Gada Group Romania is also working on the Bacau municipal hospital, a EUR 50 million project started in 2007 and funded with public money. It is expected to be delivered in 2011.

New projects, a bigger sales team, as well as being able to focus on business development projects rather than administrative issues should allow Netcu to post a 50 percent increase in turnover this year for the group of firms he is leading. “We are trying to reach a profitability level of 9 to 10 percent of the turnover this year, which is a good performance for the market segment. Last year, from the preliminary information I had, we didn’t do more than 4 to 5 percent of the turnover in terms of profit margins. It was a hard year, with low budgets,” says Netcu. “I couldn’t afford to refuse projects with low profitability margins.”

This year could be better, he thinks. “We expect a comeback of public projects. There are projects, some of them financed with European funds directed to local budgets. Last year the public project market was very low.
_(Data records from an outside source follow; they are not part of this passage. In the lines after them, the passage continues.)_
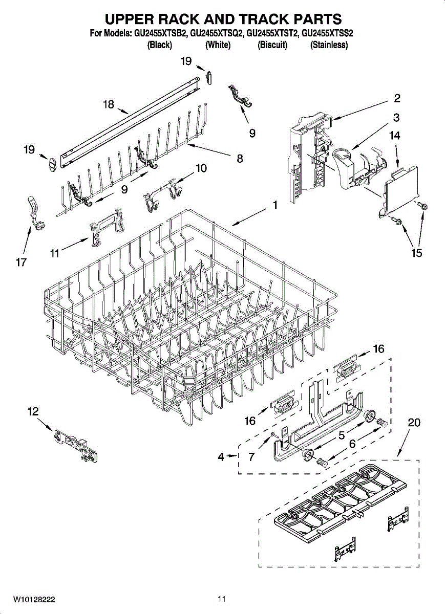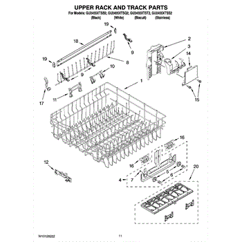 Parts for Whirlpool GU2455XTSS2: 09 - Upper Rack And Track Parts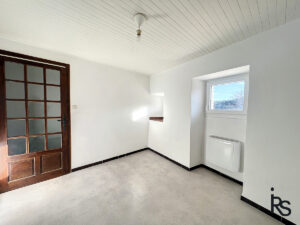 De tweede unit van 81,45 m2 is bereikbaar via een paar trapjes als we vanuit het noorden het gebouw omzeilen. Het opent in een verwarmde serre en woonkamer van 18,24 m2 met een badkamer van 3,26 m2 en een toilet. Een kleine trap daalt naar de binnenplaats op het zuiden. Op hetzelfde niveau ligt de ingerichte keuken van 14,25 m2 uitgebreid met een eetkamer van 25,95 m2 en een slaapkamer met kast van 17,7 m2.
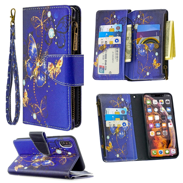 Funda de Cuero para iPhone Xs Max Patrón Dibujo Cremallera Tapa Horizontal Soporte Ranuras Tarjetas Billetera (Mariposa Púrpura)
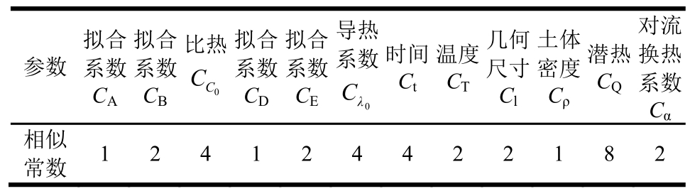比热参数拟合系数CA拟合系数CBC导热系数C0拟合系数CD拟合系数CEC时间Ct温度CT潜热CQλ0几何尺寸Cl土体密度Cρ相似常数 1 1 1 1 1 1 4 1 2 1 1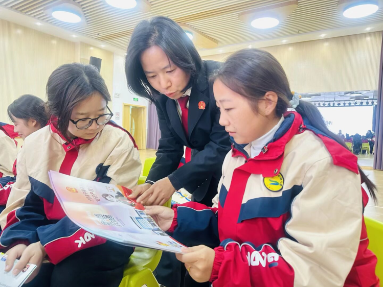 审判庭庭长张娜(中)向同学们科普相关法律法规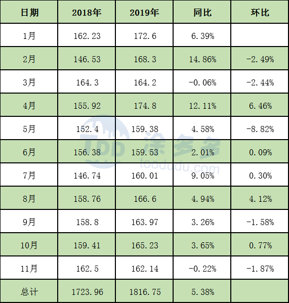 2019年1-11月PVC累計(jì)產(chǎn)量1816.75萬(wàn)噸,同比去年減少92.79噸。漲幅5.38%,產(chǎn)能的凈增是產(chǎn)量增加的主要原因。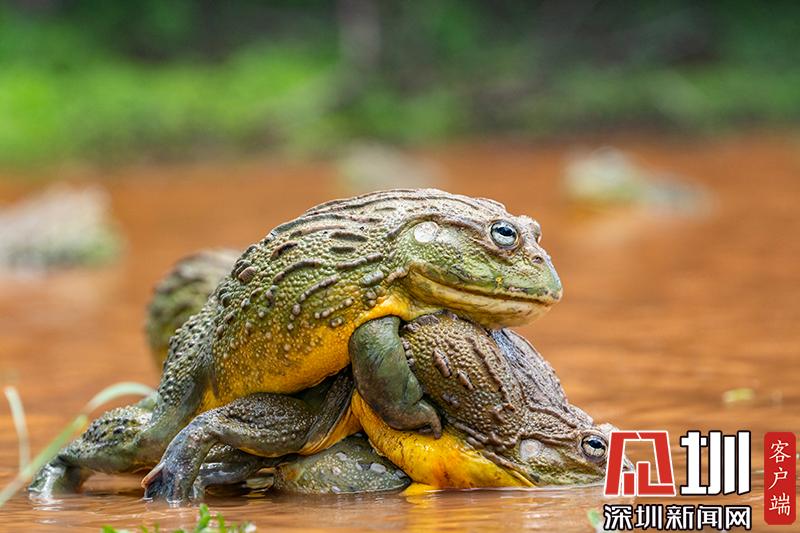 2020年6月30日報道(具體拍攝時間不詳),南非波羅克瓦克,兩只雄性非洲牛蛙為了爭奪雌性牛蛙,在池塘中打架,這樣的情形十分罕見。畫面中,戰(zhàn)況十分激烈,一只非洲牛蛙在另外一只試圖逃到池塘邊緣時撕咬對手,甚至將另外一只拋向空中。這些精彩的照片是由南非開普敦攝影師Temujin Johnson拍攝的。

Now the political landscape seems more stable and even if budgets are limited, projects are still being rolled out,” says the medic-turned-businessman.
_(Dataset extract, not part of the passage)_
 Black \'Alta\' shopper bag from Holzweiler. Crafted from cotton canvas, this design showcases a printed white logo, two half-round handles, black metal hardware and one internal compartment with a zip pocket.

Last year the firm made almost half of its turnover for the entire year in December, which, according to Netcu, is not unusual given that many acquisitions are carried out in the fourth quarter of the year. “We have started many projects and this gives us confidence,” he says.
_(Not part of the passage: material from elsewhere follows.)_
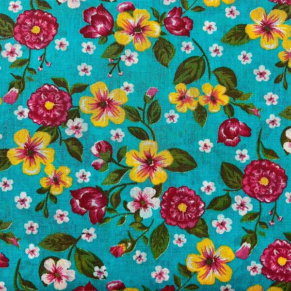 Chita de Flor Amarela e Vermelha Fundo Tifany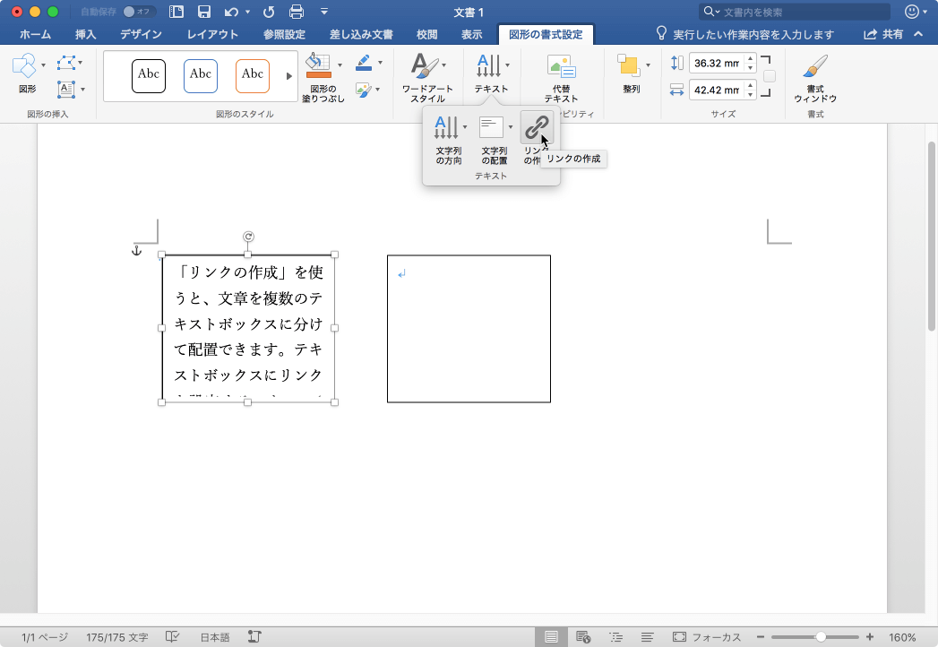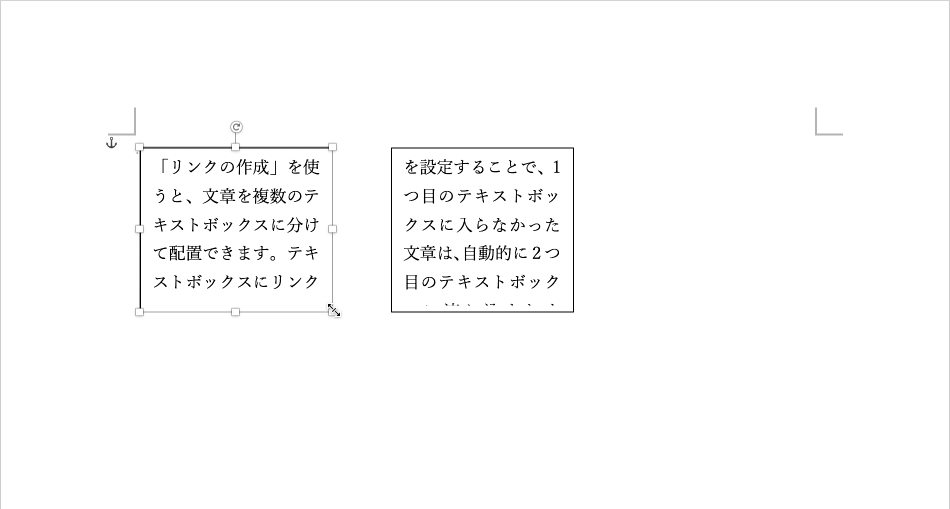 「リンクの作成」を使うと、文章を複数のテキストボックスに分けて配置できます。テキストボックスにリンクを設定することで、1つ目のテキストボックスに入らなかった文章は、自動的に2つ目のテキストボックスに流し込まれます。1つ目のテキストボックスのサイズを変更して表示できる文字数が変更されると、自動的に2つ目のテキストボックスにその続きが自動調整されます。

Last year was equally trying for the Romanian clients of what is now called Gada Group. “At the beginning of the year we had a EUR 1 million private project where we delivered the equipment, after which the leasing firm blocked the financing, and we had to wait for four months until the client found another leasing company,” Netcu remembers. In case of situations like this a certain sum of money is necessary to allay cash flow concerns.

When he started the business back in 2001, with an initial capital of USD 50,000, Netcu tried to take on projects where clients would guarantee payments, so that he in turn could guarantee payments to suppliers. Back then there were not many suppliers, and the number has increased in time, but he is now discussing with some of the largest suppliers the possibility of offering product packages with more flexible payment terms, so that his firm stays competitive, given these financially tight times.

A company which supplies medical equipment and which needs working capital may not find it so easily from an investment fund. Netcu himself didn’t partner with an investment fund, as Gada Group is a company which offers more or less the same services as Radiusmed and the other two firms were offering in Romania.

“This is the first such move in this field in Romania. For the moment, it is hard to find investors that are not working in the field who are willing to invest. The medical equipment market is chaotic; investors are avoiding it in Romania for the time being. With medical services, it’s a different story,” Netcu explains.

The market however shows potential and has not yet matured. “This means there is uncertainty on the market, but if one wants to become an important player, one should combine capital with experience in this field,” he believes.

Would he have been better off staying in a similar job to the one he left in 2001, rather than starting his own venture? Back then he was the head of the medical equipment division with Phillips in Romania. In ten years, he could have been making EUR 100,000 each year, he calculates. “But this doesn’t mean there hasn’t been a return. And much of the money has been reinvested in the business,” says Netcu.